Os dois receberam a coluna na
casa de Cacá, que fica na Gávea,
colada à favela da Rocinha, no
Rio. Falaram da "aflição e insegurança" de lançar o novo trabalho, de eleições, de cinema, de esperança -e da falta dela.
Abaixo, trechos da conversa:
FOLHA - Cacá, esse é o 16º filme de
sua carreira, e seu, Wilker...
WILKER - Eu já trabalhei em
cinqüenta e poucos, 56, uma
coisa assim. Mas tem filme que
eu nego que fiz.
FOLHA - Qual?
WILKER - Se eu nego... (rindo)
Mas eu não posso mais negar
porque de vez em quando passa
no Canal Brasil.
CACÁ - É um perigo. Em cinema às vezes a gente se "esquece" de um filme [que fez], né? E
o Canal Brasil nos faz lembrar.
FOLHA - Que filme você vê hoje e
gostaria de "esquecer"?
CACÁ - Eu não vejo muito os
meus filmes, não. Procuro me
desvincular para ter uma alma
leve para fazer o próximo. Eu
faço meus filmes com a mesma
euforia de um primeiro e a
mesma urgência de um último
filme.
FOLHA - E quando chega a hora do
lançamento...
CACÁ - Fico cada vez mais aflito. Quando você é jovem, se
acha um Deus. Então quem não
gosta do seu filme é um imbecil.
Imagine! É uma besta. Mas você vai ficando mais velho, vai
compreendendo que não é
Deus...
FOLHA - ...e que o imbecil pode ser
você...
CACÁ - (Rindo) .. e que é capaz
até de os outros terem razão. A
insegurança aumenta.
WILKER - Eu tenho pânico. Eu
tenho a sensação de ser... inadequado. Eu não acho que seja
adequado para coisa nenhuma.
Quando eu fui fazer "Os Inconfidentes" com o Joaquim Pedro
[de Andrade, diretor do filme],
eu disse: "Joaquim, você é louco. Eu não me pareço com o Tiradentes." E ele falou: "Não, cara. O Tiradentes era um jovem
homem zangado". Aí eu me entreguei totalmente. No meio do
filme o Joaquim descobriu que
o Tiradentes não era loiro.
A gente comprou uma tinta numa farmácia em Ouro Preto e
ficamos numa pia de hotel pintando o cabelo. Pintamos tão
bem que eu fazia assim [mexe a
cabeça] e o cabelo caía todo. Tiradentes foi loiro até a metade
do filme, depois ficou moreno.
O FILME
CACÁ - Quando eu fiz "Bye Bye
Brasil", metade dos críticos diziam que o filme era sobre uma
civilização que terminava; a
outra, que era sobre um país
que começava.
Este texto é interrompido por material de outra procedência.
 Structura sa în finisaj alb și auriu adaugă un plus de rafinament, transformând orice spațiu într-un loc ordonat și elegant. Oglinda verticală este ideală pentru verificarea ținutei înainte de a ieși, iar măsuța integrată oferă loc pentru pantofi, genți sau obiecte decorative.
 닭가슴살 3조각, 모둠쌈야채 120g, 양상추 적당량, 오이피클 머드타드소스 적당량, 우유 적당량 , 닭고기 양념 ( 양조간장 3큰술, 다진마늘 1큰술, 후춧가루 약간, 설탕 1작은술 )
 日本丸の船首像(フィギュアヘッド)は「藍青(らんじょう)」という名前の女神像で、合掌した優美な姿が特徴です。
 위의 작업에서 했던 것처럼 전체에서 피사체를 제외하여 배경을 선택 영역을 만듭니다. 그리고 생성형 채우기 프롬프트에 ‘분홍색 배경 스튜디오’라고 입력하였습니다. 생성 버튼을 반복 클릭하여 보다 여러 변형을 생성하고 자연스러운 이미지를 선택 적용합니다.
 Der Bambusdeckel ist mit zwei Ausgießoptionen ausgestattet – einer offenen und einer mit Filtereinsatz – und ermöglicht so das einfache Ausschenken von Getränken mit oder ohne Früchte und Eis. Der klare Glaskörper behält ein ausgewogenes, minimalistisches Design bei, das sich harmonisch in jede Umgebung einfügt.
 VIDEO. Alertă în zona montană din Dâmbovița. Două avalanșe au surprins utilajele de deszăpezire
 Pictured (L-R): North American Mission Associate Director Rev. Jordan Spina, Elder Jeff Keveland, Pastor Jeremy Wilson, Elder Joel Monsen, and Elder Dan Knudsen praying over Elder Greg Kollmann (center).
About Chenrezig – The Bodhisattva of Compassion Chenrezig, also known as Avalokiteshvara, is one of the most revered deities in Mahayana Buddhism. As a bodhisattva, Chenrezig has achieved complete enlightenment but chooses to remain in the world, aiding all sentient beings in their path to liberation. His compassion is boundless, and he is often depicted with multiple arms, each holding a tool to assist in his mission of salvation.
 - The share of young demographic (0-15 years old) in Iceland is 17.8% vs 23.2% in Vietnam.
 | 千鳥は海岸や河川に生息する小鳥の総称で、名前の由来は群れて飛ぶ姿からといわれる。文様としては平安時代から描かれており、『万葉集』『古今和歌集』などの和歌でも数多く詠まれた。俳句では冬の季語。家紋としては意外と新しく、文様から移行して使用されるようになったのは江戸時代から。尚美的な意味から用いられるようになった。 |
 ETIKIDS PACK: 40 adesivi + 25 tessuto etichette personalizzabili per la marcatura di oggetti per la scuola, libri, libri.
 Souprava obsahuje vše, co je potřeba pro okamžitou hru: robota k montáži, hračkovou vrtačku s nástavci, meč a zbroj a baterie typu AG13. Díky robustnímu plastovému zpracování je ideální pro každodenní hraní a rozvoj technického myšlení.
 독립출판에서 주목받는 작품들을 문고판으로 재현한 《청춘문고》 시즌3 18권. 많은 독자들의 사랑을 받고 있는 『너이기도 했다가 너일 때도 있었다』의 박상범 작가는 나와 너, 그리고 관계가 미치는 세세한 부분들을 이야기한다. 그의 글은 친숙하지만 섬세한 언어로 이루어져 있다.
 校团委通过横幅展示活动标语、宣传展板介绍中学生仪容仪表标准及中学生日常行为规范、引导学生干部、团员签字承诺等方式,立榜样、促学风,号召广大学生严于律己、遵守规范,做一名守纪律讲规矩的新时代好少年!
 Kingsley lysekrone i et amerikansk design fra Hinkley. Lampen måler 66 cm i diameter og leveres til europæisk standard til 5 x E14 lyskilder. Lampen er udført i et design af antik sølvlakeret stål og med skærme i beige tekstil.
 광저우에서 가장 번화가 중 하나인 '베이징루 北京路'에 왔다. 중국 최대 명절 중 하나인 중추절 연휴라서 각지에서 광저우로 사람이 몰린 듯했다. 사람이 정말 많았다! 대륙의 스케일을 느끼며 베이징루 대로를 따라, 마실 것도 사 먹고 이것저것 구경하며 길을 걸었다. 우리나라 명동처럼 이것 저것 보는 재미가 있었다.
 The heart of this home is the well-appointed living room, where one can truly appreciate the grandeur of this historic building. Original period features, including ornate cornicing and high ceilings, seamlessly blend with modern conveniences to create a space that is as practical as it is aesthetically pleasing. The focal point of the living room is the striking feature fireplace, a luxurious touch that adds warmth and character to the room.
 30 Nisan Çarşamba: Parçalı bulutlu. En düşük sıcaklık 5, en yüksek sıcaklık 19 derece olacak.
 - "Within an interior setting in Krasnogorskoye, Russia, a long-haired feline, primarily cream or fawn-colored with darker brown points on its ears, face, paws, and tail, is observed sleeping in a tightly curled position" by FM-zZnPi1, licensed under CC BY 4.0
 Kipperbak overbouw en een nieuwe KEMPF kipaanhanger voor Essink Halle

E as duas coisas
eram verdadeiras. Então a ilusão de que você controla o resultado do seu filme eu já perdi
há muito tempo. "O Maior
Amor do Mundo" é o que estiver na cabeça de cada pessoa
que for ver o filme. A idéia foi
fazer um filme sobre um astrofísico bem sucedido, rico, mas
solitário, que passou a vida tentando entender os mecanismos
de controle do universo e abdicou da vida que estava ao lado
dele. De repente ele redescobre
as emoções, os sentimentos.
Minha filha, Flora, disse [sobre
o filme] que o maior amor do
mundo é o amor à vida.
WILKER - As minhas filhas [de
26 e 19 anos] começaram a
acompanhar a minha carreira
muito recentemente. A gente
até fez uma retrospectiva em
casa de filmes que eu fiz. Depois de "O Maior Amor do
Mundo", elas me disseram que
passaram a me ver de uma forma diferente. Elas não sabiam
que eu era desse tamanho. Eu
fiquei entre orgulhoso e assustado. Porque você tem que responder ao tamanho, né?
A MORTE
FOLHA - A morte está muito presente no filme. O personagem principal tem câncer e vai morrer.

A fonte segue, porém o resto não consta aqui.